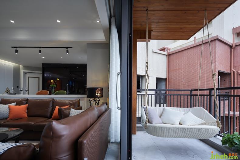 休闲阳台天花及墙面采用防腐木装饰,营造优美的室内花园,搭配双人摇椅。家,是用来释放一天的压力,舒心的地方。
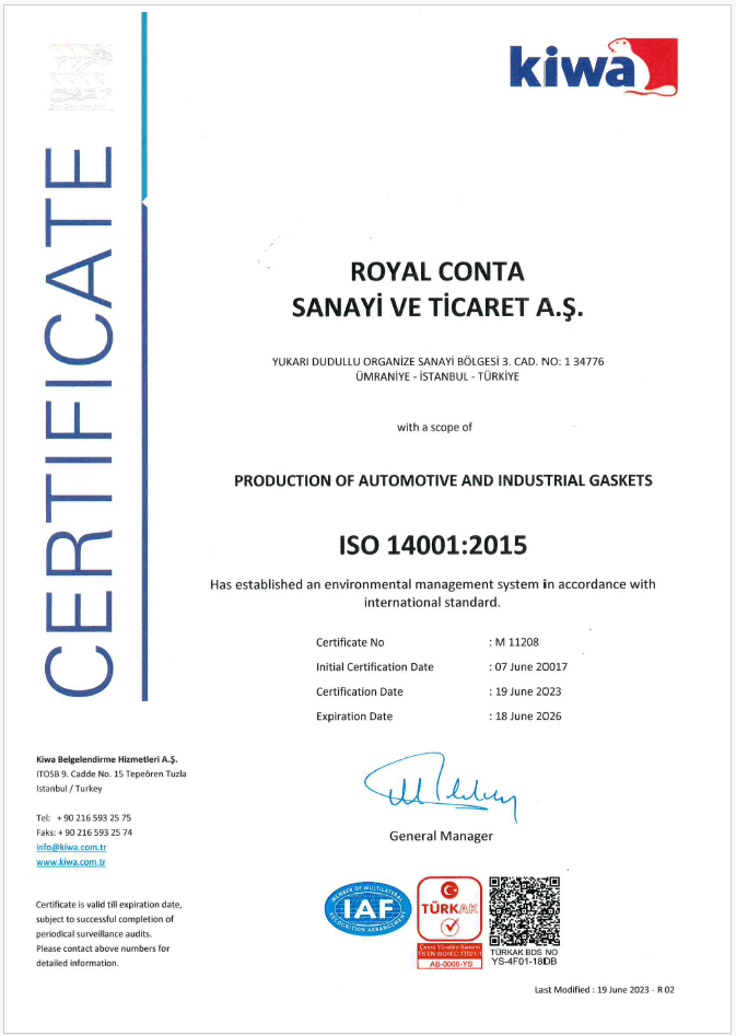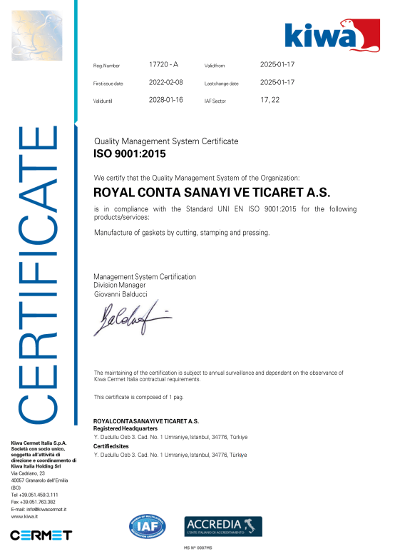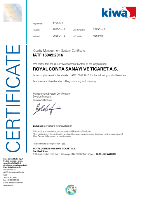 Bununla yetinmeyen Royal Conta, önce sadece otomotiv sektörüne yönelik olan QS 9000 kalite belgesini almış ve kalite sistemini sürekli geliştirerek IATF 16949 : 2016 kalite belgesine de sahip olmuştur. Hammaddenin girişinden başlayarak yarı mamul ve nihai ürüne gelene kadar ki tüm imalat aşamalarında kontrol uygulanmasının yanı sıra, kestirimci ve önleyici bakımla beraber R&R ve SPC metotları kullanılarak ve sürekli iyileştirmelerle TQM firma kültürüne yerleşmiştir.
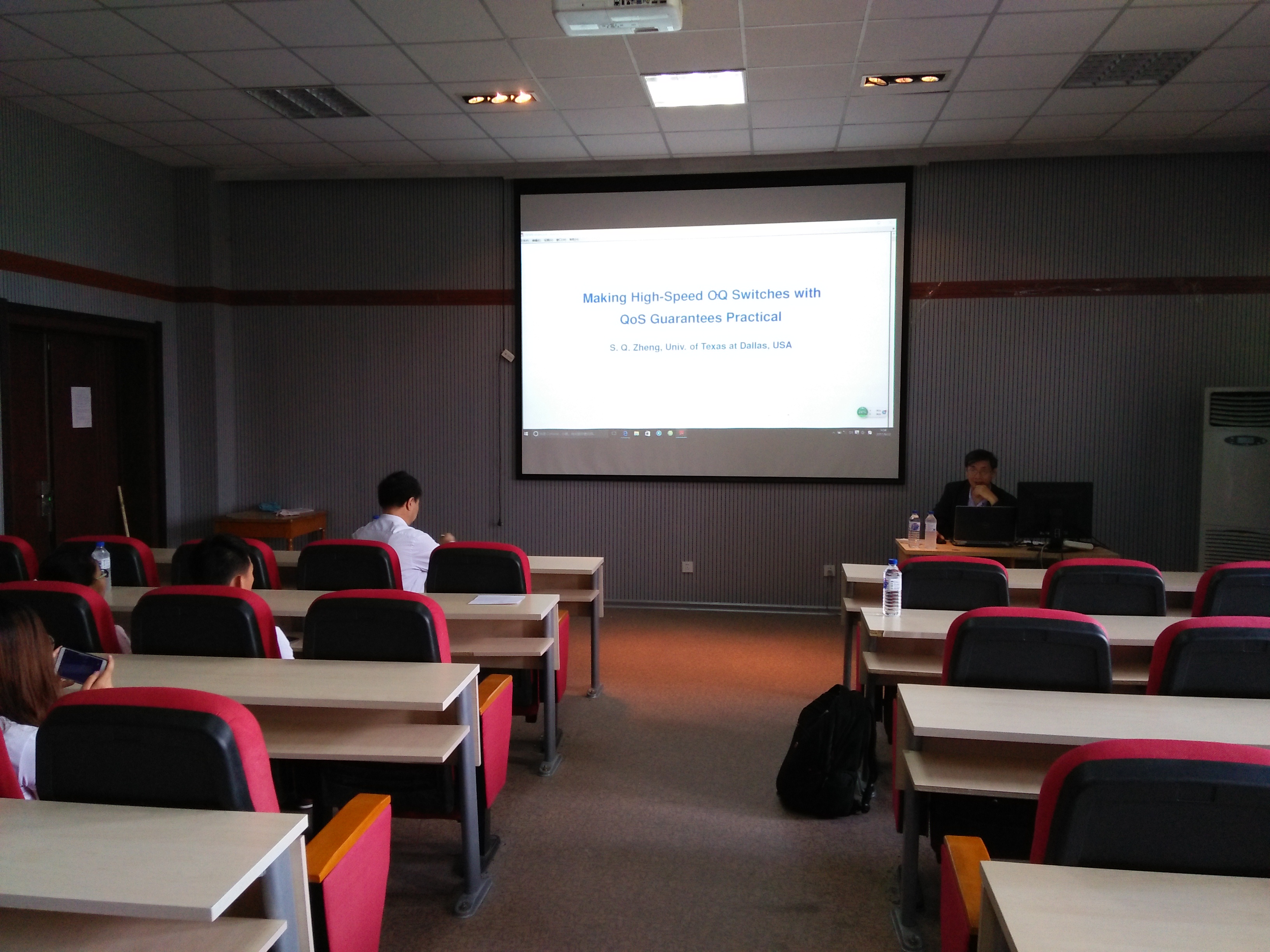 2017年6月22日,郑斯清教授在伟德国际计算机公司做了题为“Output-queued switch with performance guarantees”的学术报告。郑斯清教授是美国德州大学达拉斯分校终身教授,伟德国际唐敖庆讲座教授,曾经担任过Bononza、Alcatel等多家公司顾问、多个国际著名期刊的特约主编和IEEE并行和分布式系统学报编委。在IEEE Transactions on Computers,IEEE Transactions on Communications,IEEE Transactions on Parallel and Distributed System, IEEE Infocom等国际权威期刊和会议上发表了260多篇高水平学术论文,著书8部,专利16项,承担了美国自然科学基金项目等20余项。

================================

#### [YOUR INSTRUCTIONS]
Since the listing holds pictures, return everything else in it exactly and omit those.

#### [OUTPUT OF THE EXERCISE]
 休闲阳台天花及墙面采用防腐木装饰,营造优美的室内花园,搭配双人摇椅。家,是用来释放一天的压力,舒心的地方。
 Bununla yetinmeyen Royal Conta, önce sadece otomotiv sektörüne yönelik olan QS 9000 kalite belgesini almış ve kalite sistemini sürekli geliştirerek IATF 16949 : 2016 kalite belgesine de sahip olmuştur. Hammaddenin girişinden başlayarak yarı mamul ve nihai ürüne gelene kadar ki tüm imalat aşamalarında kontrol uygulanmasının yanı sıra, kestirimci ve önleyici bakımla beraber R&R ve SPC metotları kullanılarak ve sürekli iyileştirmelerle TQM firma kültürüne yerleşmiştir.
 2017年6月22日,郑斯清教授在伟德国际计算机公司做了题为“Output-queued switch with performance guarantees”的学术报告。郑斯清教授是美国德州大学达拉斯分校终身教授,伟德国际唐敖庆讲座教授,曾经担任过Bononza、Alcatel等多家公司顾问、多个国际著名期刊的特约主编和IEEE并行和分布式系统学报编委。在IEEE Transactions on Computers,IEEE Transactions on Communications,IEEE Transactions on Parallel and Distributed System, IEEE Infocom等国际权威期刊和会议上发表了260多篇高水平学术论文,著书8部,专利16项,承担了美国自然科学基金项目等20余项。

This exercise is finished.